Source records
=-=-=

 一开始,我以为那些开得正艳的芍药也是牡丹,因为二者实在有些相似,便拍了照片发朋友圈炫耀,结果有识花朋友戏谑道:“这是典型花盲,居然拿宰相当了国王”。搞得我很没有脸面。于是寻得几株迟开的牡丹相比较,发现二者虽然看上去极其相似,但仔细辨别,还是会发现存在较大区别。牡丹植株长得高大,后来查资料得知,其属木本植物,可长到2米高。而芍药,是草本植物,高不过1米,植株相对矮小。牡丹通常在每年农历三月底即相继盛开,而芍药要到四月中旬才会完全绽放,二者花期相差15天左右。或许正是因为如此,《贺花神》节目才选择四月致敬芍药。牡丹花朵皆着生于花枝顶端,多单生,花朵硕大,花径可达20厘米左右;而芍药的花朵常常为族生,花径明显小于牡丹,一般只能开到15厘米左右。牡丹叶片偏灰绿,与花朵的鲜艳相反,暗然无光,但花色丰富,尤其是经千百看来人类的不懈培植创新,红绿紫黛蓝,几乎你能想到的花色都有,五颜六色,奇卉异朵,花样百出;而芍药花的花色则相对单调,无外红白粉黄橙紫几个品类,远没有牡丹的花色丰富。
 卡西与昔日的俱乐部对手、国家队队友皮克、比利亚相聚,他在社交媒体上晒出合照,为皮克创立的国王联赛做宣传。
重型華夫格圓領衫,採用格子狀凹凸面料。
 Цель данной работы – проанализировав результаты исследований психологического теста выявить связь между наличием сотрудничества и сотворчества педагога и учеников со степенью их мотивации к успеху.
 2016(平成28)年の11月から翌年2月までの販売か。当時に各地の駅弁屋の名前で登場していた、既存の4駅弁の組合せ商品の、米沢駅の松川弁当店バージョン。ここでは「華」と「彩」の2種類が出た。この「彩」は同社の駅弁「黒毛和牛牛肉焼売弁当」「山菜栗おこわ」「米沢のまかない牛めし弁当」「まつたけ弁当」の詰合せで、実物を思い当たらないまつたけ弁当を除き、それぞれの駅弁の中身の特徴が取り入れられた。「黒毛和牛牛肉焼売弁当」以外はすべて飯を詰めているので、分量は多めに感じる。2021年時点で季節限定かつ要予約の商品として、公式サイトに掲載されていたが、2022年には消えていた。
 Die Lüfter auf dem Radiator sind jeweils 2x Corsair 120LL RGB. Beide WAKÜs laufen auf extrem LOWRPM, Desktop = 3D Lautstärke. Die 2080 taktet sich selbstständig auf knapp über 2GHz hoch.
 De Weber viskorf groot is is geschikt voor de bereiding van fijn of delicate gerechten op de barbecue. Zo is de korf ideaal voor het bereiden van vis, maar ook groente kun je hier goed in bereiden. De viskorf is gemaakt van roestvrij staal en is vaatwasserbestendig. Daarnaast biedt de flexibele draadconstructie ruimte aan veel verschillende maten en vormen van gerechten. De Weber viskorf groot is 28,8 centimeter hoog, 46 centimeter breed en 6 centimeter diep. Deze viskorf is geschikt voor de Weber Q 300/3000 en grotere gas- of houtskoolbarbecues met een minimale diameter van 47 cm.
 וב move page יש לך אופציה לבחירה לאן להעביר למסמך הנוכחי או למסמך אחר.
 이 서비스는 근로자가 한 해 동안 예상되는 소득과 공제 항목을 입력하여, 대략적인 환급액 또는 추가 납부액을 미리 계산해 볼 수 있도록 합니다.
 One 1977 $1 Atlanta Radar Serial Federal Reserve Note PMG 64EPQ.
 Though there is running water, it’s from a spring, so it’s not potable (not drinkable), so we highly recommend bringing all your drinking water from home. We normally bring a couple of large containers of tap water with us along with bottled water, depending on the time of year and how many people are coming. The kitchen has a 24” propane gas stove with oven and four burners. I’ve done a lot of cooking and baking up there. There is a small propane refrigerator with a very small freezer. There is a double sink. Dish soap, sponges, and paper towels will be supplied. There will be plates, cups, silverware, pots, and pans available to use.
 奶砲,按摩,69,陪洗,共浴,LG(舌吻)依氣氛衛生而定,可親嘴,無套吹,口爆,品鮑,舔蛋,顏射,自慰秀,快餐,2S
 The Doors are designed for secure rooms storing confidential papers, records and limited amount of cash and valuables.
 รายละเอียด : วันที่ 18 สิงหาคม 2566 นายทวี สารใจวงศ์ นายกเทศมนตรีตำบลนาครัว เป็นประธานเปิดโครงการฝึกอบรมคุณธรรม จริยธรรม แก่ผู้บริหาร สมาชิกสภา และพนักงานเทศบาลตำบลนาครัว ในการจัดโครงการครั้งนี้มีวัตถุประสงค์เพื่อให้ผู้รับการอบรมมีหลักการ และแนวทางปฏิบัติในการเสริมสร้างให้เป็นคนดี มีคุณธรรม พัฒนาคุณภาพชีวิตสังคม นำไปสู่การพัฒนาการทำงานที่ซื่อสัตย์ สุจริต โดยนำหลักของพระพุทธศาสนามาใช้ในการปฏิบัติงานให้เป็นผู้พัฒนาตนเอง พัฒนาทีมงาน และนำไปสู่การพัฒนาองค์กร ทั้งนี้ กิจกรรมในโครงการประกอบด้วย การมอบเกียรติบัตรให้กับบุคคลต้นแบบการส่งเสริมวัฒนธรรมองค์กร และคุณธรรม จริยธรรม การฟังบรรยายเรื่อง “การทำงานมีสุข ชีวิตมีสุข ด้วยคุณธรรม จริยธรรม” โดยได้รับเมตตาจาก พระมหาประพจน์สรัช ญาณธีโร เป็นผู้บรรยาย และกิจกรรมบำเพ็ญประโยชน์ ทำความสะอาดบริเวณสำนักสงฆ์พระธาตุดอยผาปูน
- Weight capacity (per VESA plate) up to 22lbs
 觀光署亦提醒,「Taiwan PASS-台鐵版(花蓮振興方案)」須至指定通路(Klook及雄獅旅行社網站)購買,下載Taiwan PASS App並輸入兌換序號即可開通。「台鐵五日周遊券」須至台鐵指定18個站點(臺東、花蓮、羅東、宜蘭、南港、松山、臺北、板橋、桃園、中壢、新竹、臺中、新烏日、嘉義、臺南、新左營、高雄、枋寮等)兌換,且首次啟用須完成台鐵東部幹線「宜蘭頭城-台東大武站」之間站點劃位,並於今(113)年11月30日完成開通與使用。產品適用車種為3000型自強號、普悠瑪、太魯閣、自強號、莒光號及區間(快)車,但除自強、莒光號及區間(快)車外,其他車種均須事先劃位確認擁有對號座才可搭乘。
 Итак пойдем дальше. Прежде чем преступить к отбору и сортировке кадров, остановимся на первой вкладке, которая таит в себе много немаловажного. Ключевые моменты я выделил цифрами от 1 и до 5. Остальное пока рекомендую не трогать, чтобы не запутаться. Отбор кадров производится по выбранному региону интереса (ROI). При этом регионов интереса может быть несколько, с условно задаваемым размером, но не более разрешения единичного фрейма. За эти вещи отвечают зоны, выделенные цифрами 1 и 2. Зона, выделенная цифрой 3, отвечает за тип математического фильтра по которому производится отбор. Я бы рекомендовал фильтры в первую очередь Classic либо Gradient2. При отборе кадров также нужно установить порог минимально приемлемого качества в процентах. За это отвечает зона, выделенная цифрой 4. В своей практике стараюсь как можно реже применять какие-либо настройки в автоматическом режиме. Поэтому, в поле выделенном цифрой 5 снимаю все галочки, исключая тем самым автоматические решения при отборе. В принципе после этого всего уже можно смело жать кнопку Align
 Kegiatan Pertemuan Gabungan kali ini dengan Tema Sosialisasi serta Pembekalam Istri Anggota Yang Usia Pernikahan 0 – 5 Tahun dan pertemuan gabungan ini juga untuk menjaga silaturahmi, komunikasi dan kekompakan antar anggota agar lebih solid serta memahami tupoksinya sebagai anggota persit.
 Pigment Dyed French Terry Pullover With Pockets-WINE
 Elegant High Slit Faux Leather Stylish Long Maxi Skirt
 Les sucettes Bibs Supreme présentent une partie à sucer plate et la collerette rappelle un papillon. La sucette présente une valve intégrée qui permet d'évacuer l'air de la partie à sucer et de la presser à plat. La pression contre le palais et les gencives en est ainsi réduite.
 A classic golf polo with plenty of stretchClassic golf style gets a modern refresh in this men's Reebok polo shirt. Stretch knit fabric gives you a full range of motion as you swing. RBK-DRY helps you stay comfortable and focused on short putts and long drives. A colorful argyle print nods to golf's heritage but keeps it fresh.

=-=-=

§ **What to do**
Reproduce only the lines above spanning from the line containing "Though there is" through the line containing "- Weight capacity", word for word.

§ **Answer box**
 Though there is running water, it’s from a spring, so it’s not potable (not drinkable), so we highly recommend bringing all your drinking water from home. We normally bring a couple of large containers of tap water with us along with bottled water, depending on the time of year and how many people are coming. The kitchen has a 24” propane gas stove with oven and four burners. I’ve done a lot of cooking and baking up there. There is a small propane refrigerator with a very small freezer. There is a double sink. Dish soap, sponges, and paper towels will be supplied. There will be plates, cups, silverware, pots, and pans available to use.
 奶砲,按摩,69,陪洗,共浴,LG(舌吻)依氣氛衛生而定,可親嘴,無套吹,口爆,品鮑,舔蛋,顏射,自慰秀,快餐,2S
 The Doors are designed for secure rooms storing confidential papers, records and limited amount of cash and valuables.
 รายละเอียด : วันที่ 18 สิงหาคม 2566 นายทวี สารใจวงศ์ นายกเทศมนตรีตำบลนาครัว เป็นประธานเปิดโครงการฝึกอบรมคุณธรรม จริยธรรม แก่ผู้บริหาร สมาชิกสภา และพนักงานเทศบาลตำบลนาครัว ในการจัดโครงการครั้งนี้มีวัตถุประสงค์เพื่อให้ผู้รับการอบรมมีหลักการ และแนวทางปฏิบัติในการเสริมสร้างให้เป็นคนดี มีคุณธรรม พัฒนาคุณภาพชีวิตสังคม นำไปสู่การพัฒนาการทำงานที่ซื่อสัตย์ สุจริต โดยนำหลักของพระพุทธศาสนามาใช้ในการปฏิบัติงานให้เป็นผู้พัฒนาตนเอง พัฒนาทีมงาน และนำไปสู่การพัฒนาองค์กร ทั้งนี้ กิจกรรมในโครงการประกอบด้วย การมอบเกียรติบัตรให้กับบุคคลต้นแบบการส่งเสริมวัฒนธรรมองค์กร และคุณธรรม จริยธรรม การฟังบรรยายเรื่อง “การทำงานมีสุข ชีวิตมีสุข ด้วยคุณธรรม จริยธรรม” โดยได้รับเมตตาจาก พระมหาประพจน์สรัช ญาณธีโร เป็นผู้บรรยาย และกิจกรรมบำเพ็ญประโยชน์ ทำความสะอาดบริเวณสำนักสงฆ์พระธาตุดอยผาปูน
- Weight capacity (per VESA plate) up to 22lbs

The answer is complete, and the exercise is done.